REQUIREMENT:
Set down the whole listing below exactly, without pictures.

INPUT RECORDS:
※

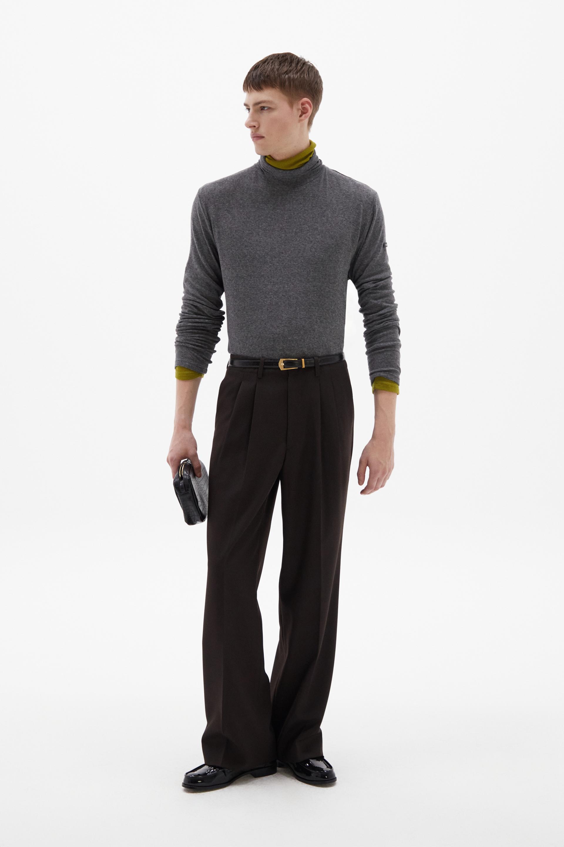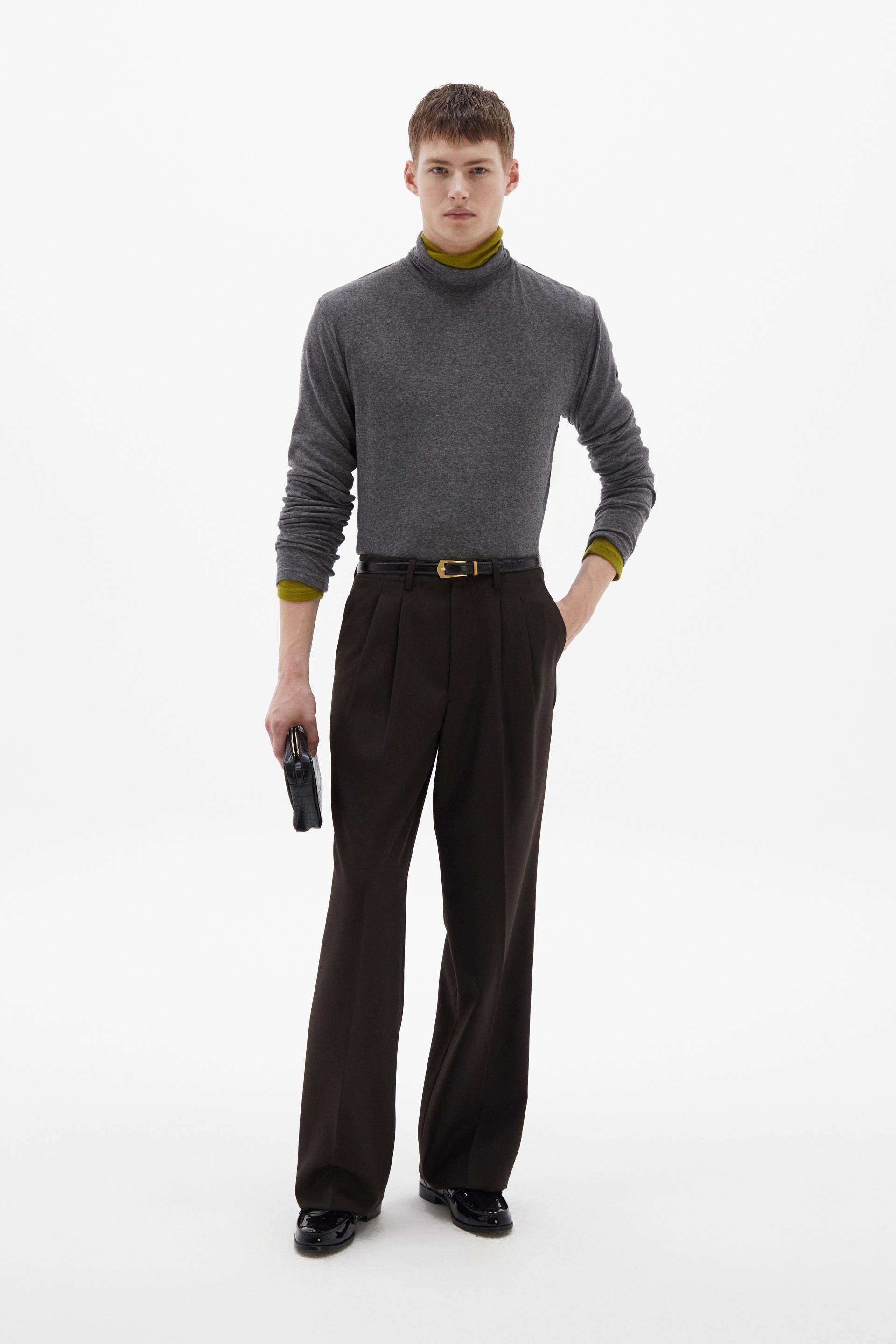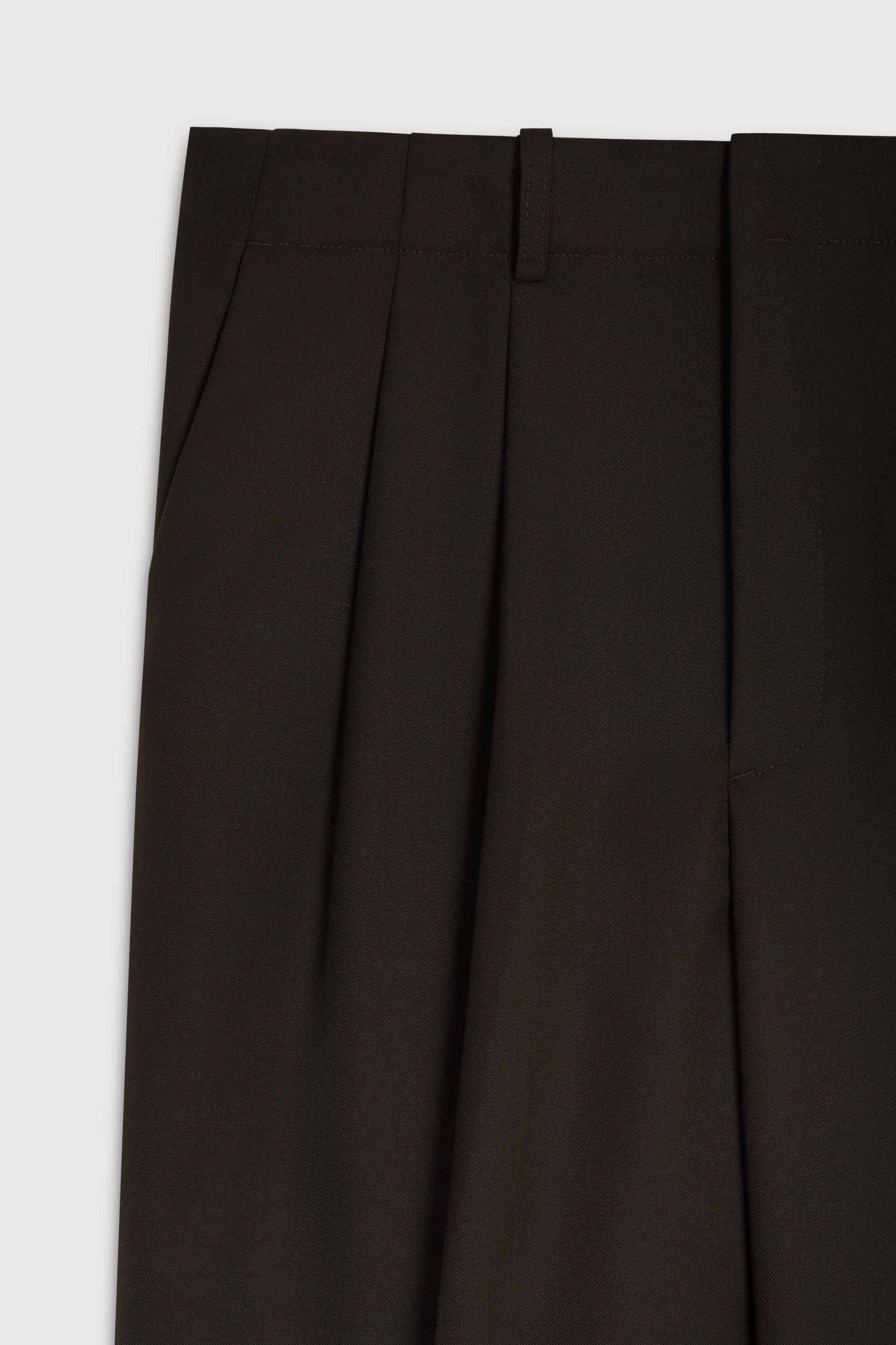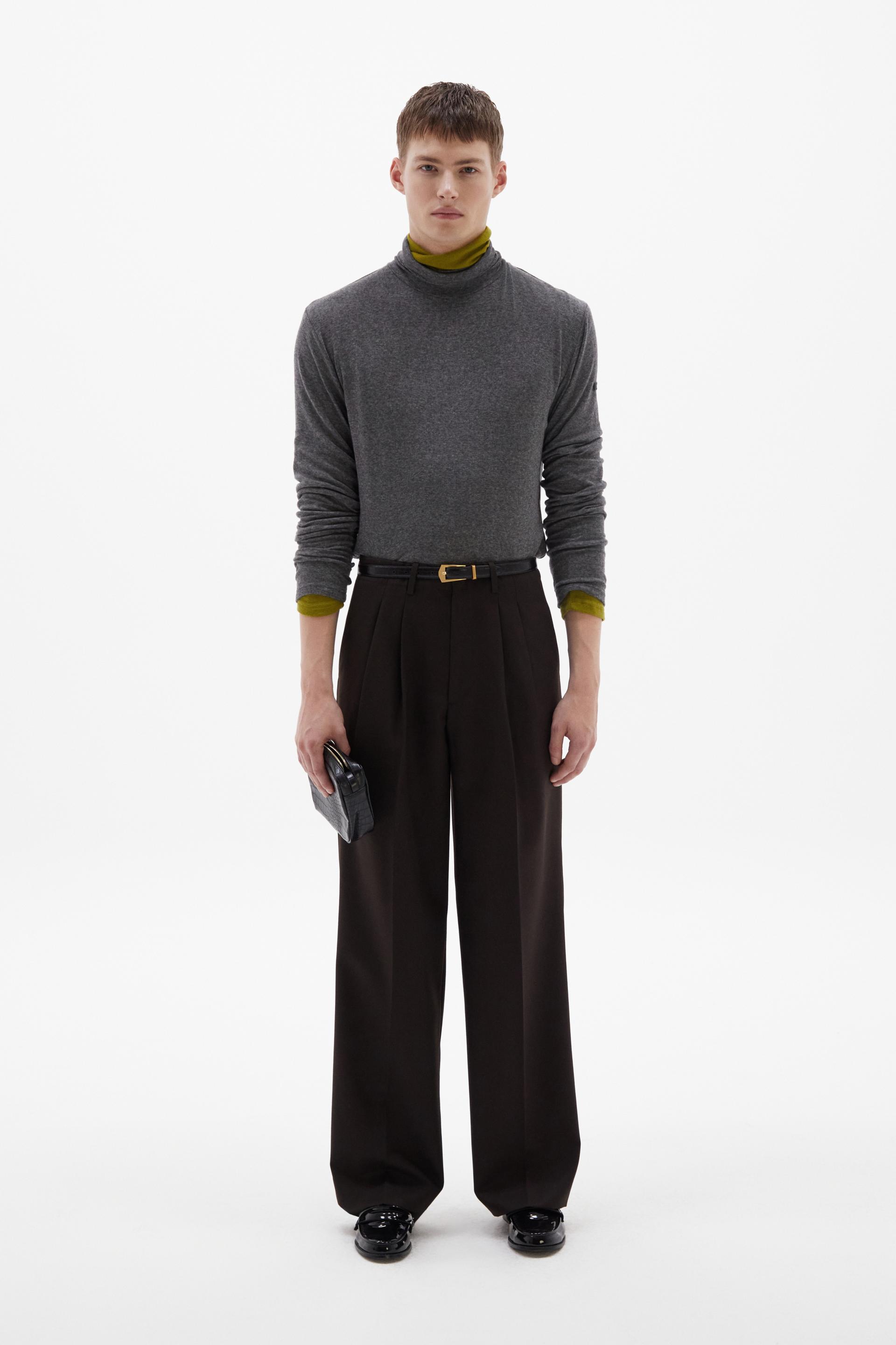 여유로운 실루엣의 테일러드 트라우저 입니다. 두 개의 플리츠가 볼륨을 유지하는 벨트리스 디자인, 밑단으로 넓은 와이드 레그 실루엣이 특징입니다. 탄탄한 직조의 울 혼방 패브릭과 테일러드 베이스로 완성한 클래식 트라우저로 시간에 구애받지 않는 타임리스 아이템입니다.
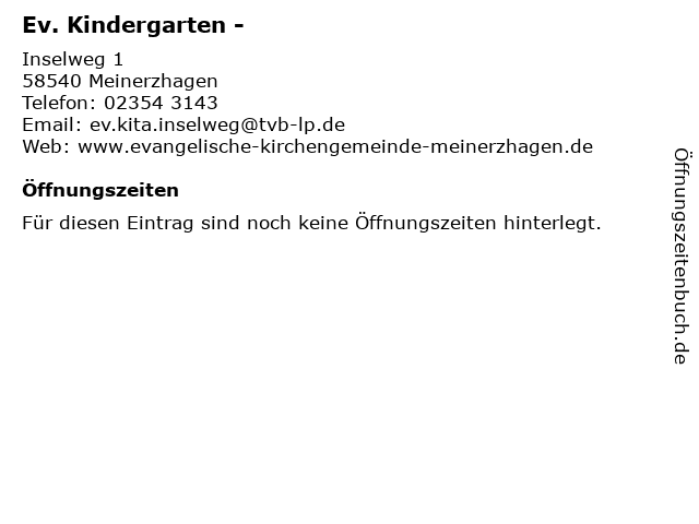 | Öffnungszeiten Ev. Kindergarten - in Meinerzhagen anzeigen | |
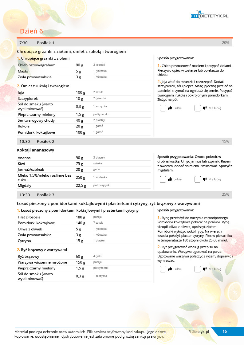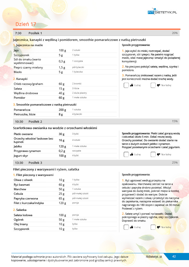 w formie propozycji posiłków (zamiast pojedynczych jadłospisów jednodniowych, przygotowano propozycje kilku propozycji dań na każdy posiłek). Tutaj nie uzależniamy Cię od tego jakie masz np. w danym dniu zjeść śniadanie czy obiad, tylko sam wybierasz sobie ulubione danie z kilku przedstawionych przez nas propozycji.
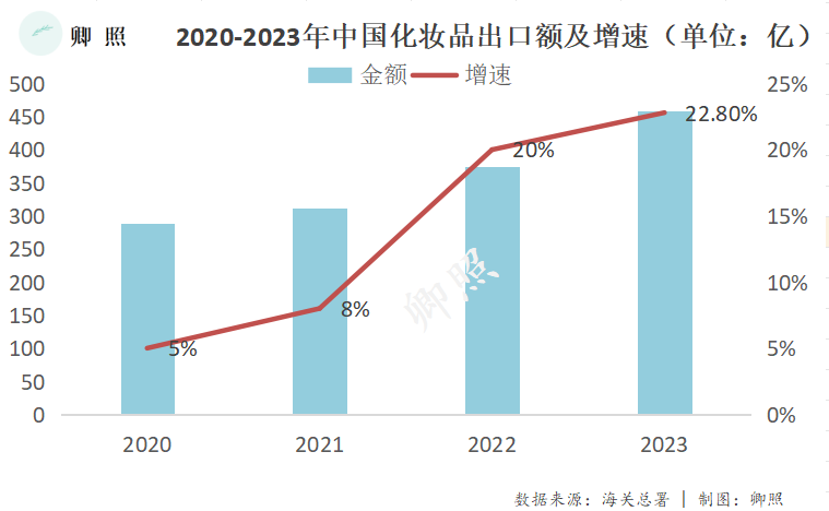 當(dāng)然,這一現(xiàn)象早在去年就很顯著了,據(jù)央視財(cái)經(jīng)《經(jīng)濟(jì)信息聯(lián)播》欄目當(dāng)時(shí)的報(bào)道,僅僅2023年前8個(gè)月,中國(guó)化妝品對(duì)韓國(guó)的出口額同比上漲大約190%。且過(guò)去幾年國(guó)產(chǎn)化妝品對(duì)外出口增速明顯,直至2023年全年增速達(dá)到22.8%。
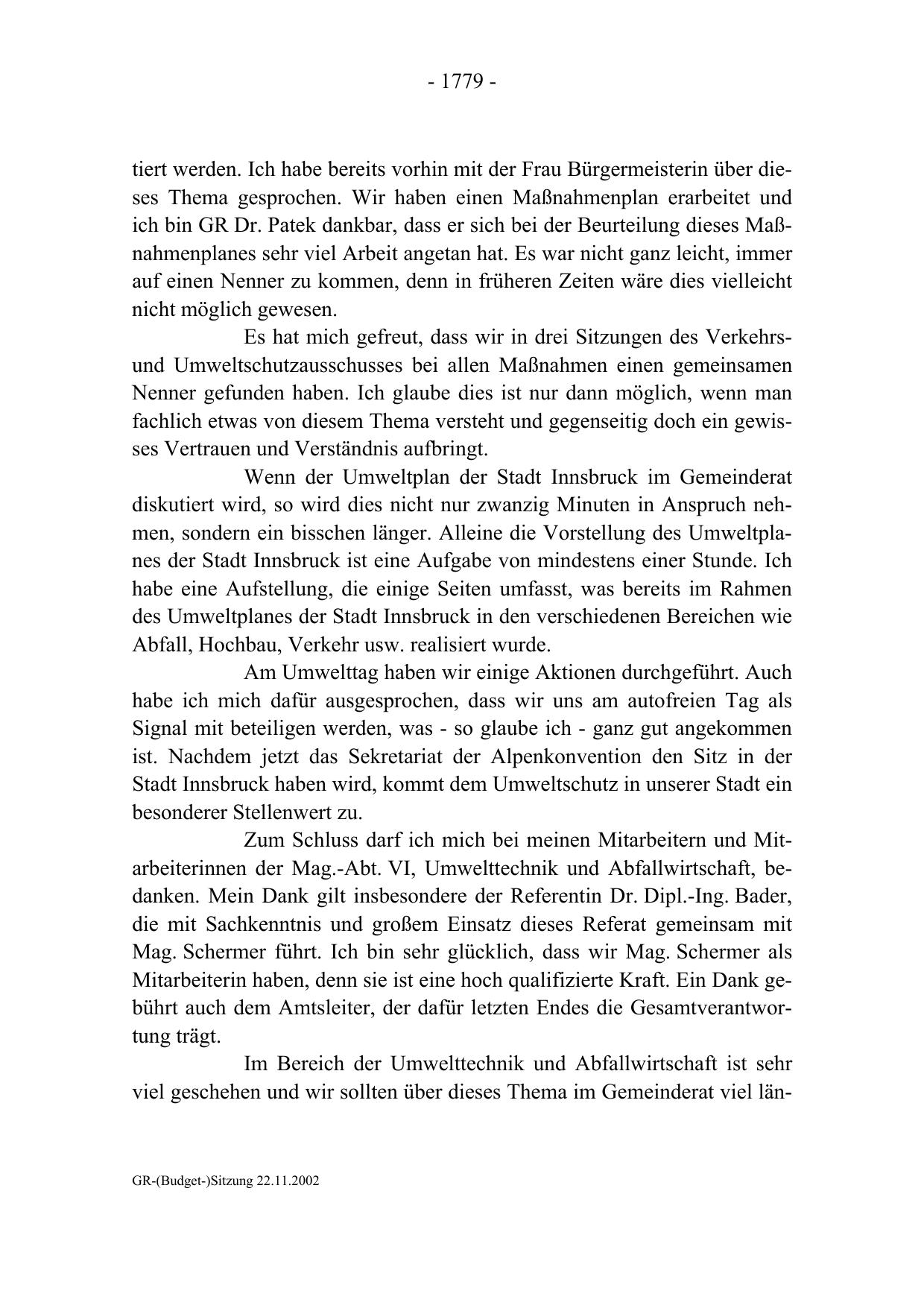 diskutiert wird, so wird dies nicht nur zwanzig Minuten in Anspruch nehmen, sondern ein bisschen länger. Alleine die Vorstellung des Umweltplanes der Stadt Innsbruck ist eine Aufgabe von mindestens einer Stunde. Ich
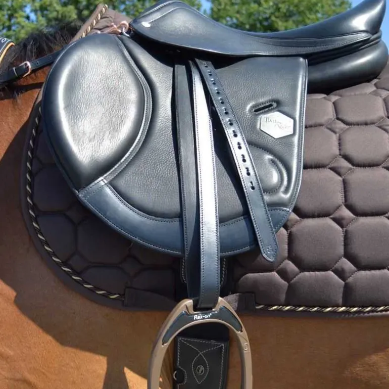 Les étrivières Stationata sont présentées en photo sur les selles Infinity Platinium et les étriers de la gamme Flex-on.
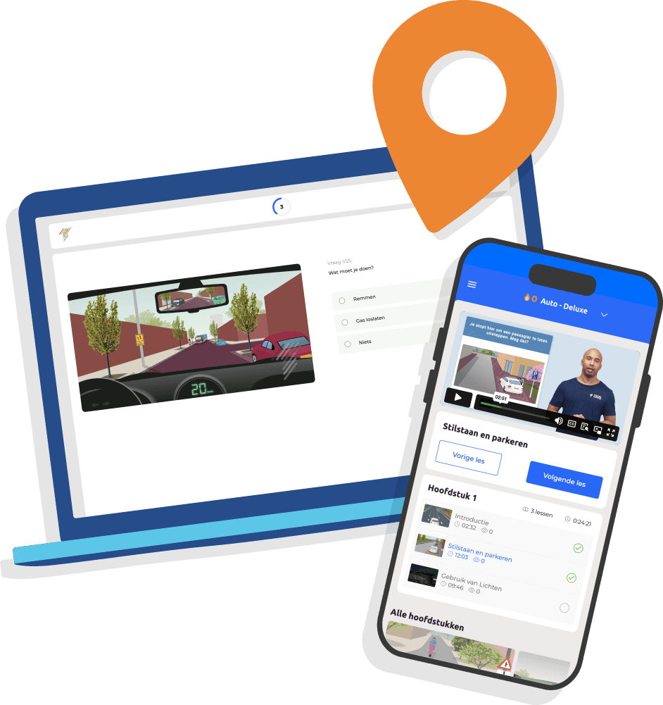 Van verkeersregels tot vragen en antwoorden—we behandelen alles! Alle kennis wordt uitgelegd in duidelijke, hoogwaardige video's. Elk type vraag komt voorbij: meerkeuzevragen, sleepvragen, open vragen en de nieuwste animatievragen.
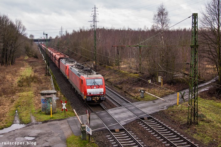 A railway crossing in the middle of nowhere, right next to an abandoned bridge and railway bed, seems to be a preferred spot for local painters. This adds to the already abondened feeling scene, which probably looks and feels a lot different during another season. I still find the view from this side of the bridge quite fascinating. I also like the modern train in it, but it would be cool to get a vintage looking model here one day: it would send you 20 years back in time.

※

RESPONSE FOR THIS EXERCISE:
 여유로운 실루엣의 테일러드 트라우저 입니다. 두 개의 플리츠가 볼륨을 유지하는 벨트리스 디자인, 밑단으로 넓은 와이드 레그 실루엣이 특징입니다. 탄탄한 직조의 울 혼방 패브릭과 테일러드 베이스로 완성한 클래식 트라우저로 시간에 구애받지 않는 타임리스 아이템입니다.
 | Öffnungszeiten Ev. Kindergarten - in Meinerzhagen anzeigen | |
 w formie propozycji posiłków (zamiast pojedynczych jadłospisów jednodniowych, przygotowano propozycje kilku propozycji dań na każdy posiłek). Tutaj nie uzależniamy Cię od tego jakie masz np. w danym dniu zjeść śniadanie czy obiad, tylko sam wybierasz sobie ulubione danie z kilku przedstawionych przez nas propozycji.
 當(dāng)然,這一現(xiàn)象早在去年就很顯著了,據(jù)央視財(cái)經(jīng)《經(jīng)濟(jì)信息聯(lián)播》欄目當(dāng)時(shí)的報(bào)道,僅僅2023年前8個(gè)月,中國(guó)化妝品對(duì)韓國(guó)的出口額同比上漲大約190%。且過(guò)去幾年國(guó)產(chǎn)化妝品對(duì)外出口增速明顯,直至2023年全年增速達(dá)到22.8%。
 diskutiert wird, so wird dies nicht nur zwanzig Minuten in Anspruch nehmen, sondern ein bisschen länger. Alleine die Vorstellung des Umweltplanes der Stadt Innsbruck ist eine Aufgabe von mindestens einer Stunde. Ich
 Les étrivières Stationata sont présentées en photo sur les selles Infinity Platinium et les étriers de la gamme Flex-on.
 Van verkeersregels tot vragen en antwoorden—we behandelen alles! Alle kennis wordt uitgelegd in duidelijke, hoogwaardige video's. Elk type vraag komt voorbij: meerkeuzevragen, sleepvragen, open vragen en de nieuwste animatievragen.
 A railway crossing in the middle of nowhere, right next to an abandoned bridge and railway bed, seems to be a preferred spot for local painters. This adds to the already abondened feeling scene, which probably looks and feels a lot different during another season. I still find the view from this side of the bridge quite fascinating. I also like the modern train in it, but it would be cool to get a vintage looking model here one day: it would send you 20 years back in time.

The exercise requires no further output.